The 6 principles for adding effects image

A major element of a mix is dimension, which is the ambient field that the track or tracks sits in. Dimension can be captured while recording, but it’s usually created or enhanced when mixing by adding effects such as reverb, delay, or modulation. Dimension might mean re-creating an acoustic environment, but it could also mean adding width or depth to a track to try to spruce up a boring sound. There are 6 principles that offer a general guideline on how effects can be used. 

Principle 1: Picture the performer in an acoustic space and then re-create that space around him. 

This method usually saves time, as it’s a lot faster than simply experimenting with different effects presets until something excites you (although that method can work, too). Also, the artificially created acoustic space needn’t be a natural one. In fact, as long as it fits the music, the more creative the better. 

Principle 2: Smaller reverbs or short delays make things sound bigger. 

Reverbs with decays under a second (and usually much shorter than that) and delays under 100 milliseconds (again, usually a lot shorter than that) tend to make the track sound bigger rather than push it back in the mix, especially if the reverb or delay is in stereo. 

Many times a reverb will be used with the decay parameter turned down as far as it will go (which may be as low as 0.1 seconds), but this setting is sometimes the most difficult for a digital reverb to reproduce, resulting in a metallic sound. If this occurs, sometimes lengthening the decay time a little or trying a different preset will result in a smoother, less tinny sound, or you can try another plugin or hardware unit that performs better under these conditions. Of the 6 principles, this one is the most overlooked.

Principle 3: Long delays, long reverb predelay, and reverb decay settings push a sound further away if the level of the effect is loud enough. 

Delays and predelays (see the section later in the chapter on reverb) longer than 100 milliseconds are distinctly heard and begin to push the sound away from the listener. 

The trick between something sounding big or just distant is the level of the effect. When the decay or delay is short and the level is loud, the track sounds big. When the decay or delay is long and loud, the track just sounds far away. 

Principle 4: If delays are timed to the tempo of the track, they add depth without being noticeable. 

Most mixers set the delay time to the tempo of the track. (See the section on delay for how to do this.) This makes the delay pulse with the music and adds a reverb type of environment to the sound. It also makes the delay seem to disappear as a discrete repeat, but it still adds a smoothing quality to the mix element. 

Principle 5: If delays are not timed to the tempo of the track, they stick out. 

Sometimes you want to distinctly hear a delay and the best way to do that is to make sure that the delay is not exactly timed to the track.
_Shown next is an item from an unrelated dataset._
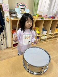 10月の後半に様々な楽器を鳴らして楽器遊びをしました♪
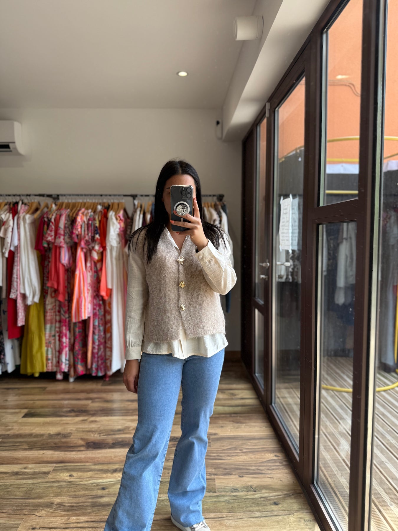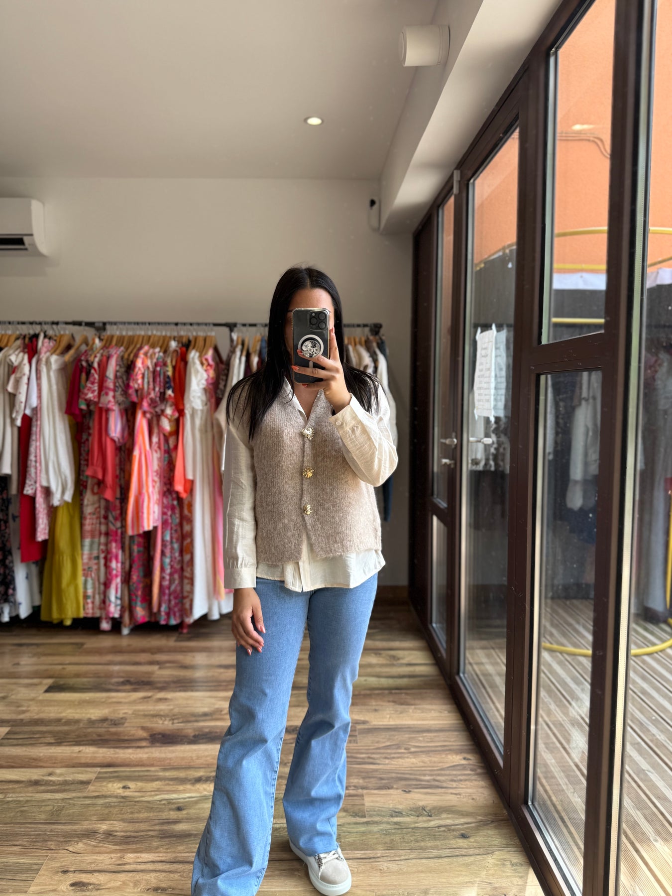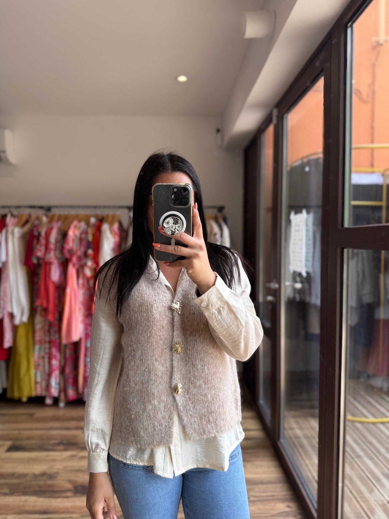 Le gilet “Ortence” est la pièce parfaite pour twister un look basique avec élégance. On craque pour ses boutons bijoux dorés qui apportent une touche précieuse et originale. Facile à superposer sur une chemise fluide, un top basique ou même une robe, il donne une allure chic et bohème en toute saison.

Start by first putting the delay in time; then slowly alter the timing until the desired effect is achieved. 

Principle 6: Reverbs sound smoother when timed to the tempo of the track. 

Reverbs are timed to the track by triggering them off of a snare hit and adjusting the decay parameter so that the decay just dies before another snare hit. The idea is to make the decay “breathe” with the track. One way to achieve this is by making everything as big as possible at the shortest setting first, then gradually making the settings longer until it’s in time with the track. 

Of course, the biggest part of adding effects to a mix is experience, but keeping these 6 principles in mind will provide a perfect place to start.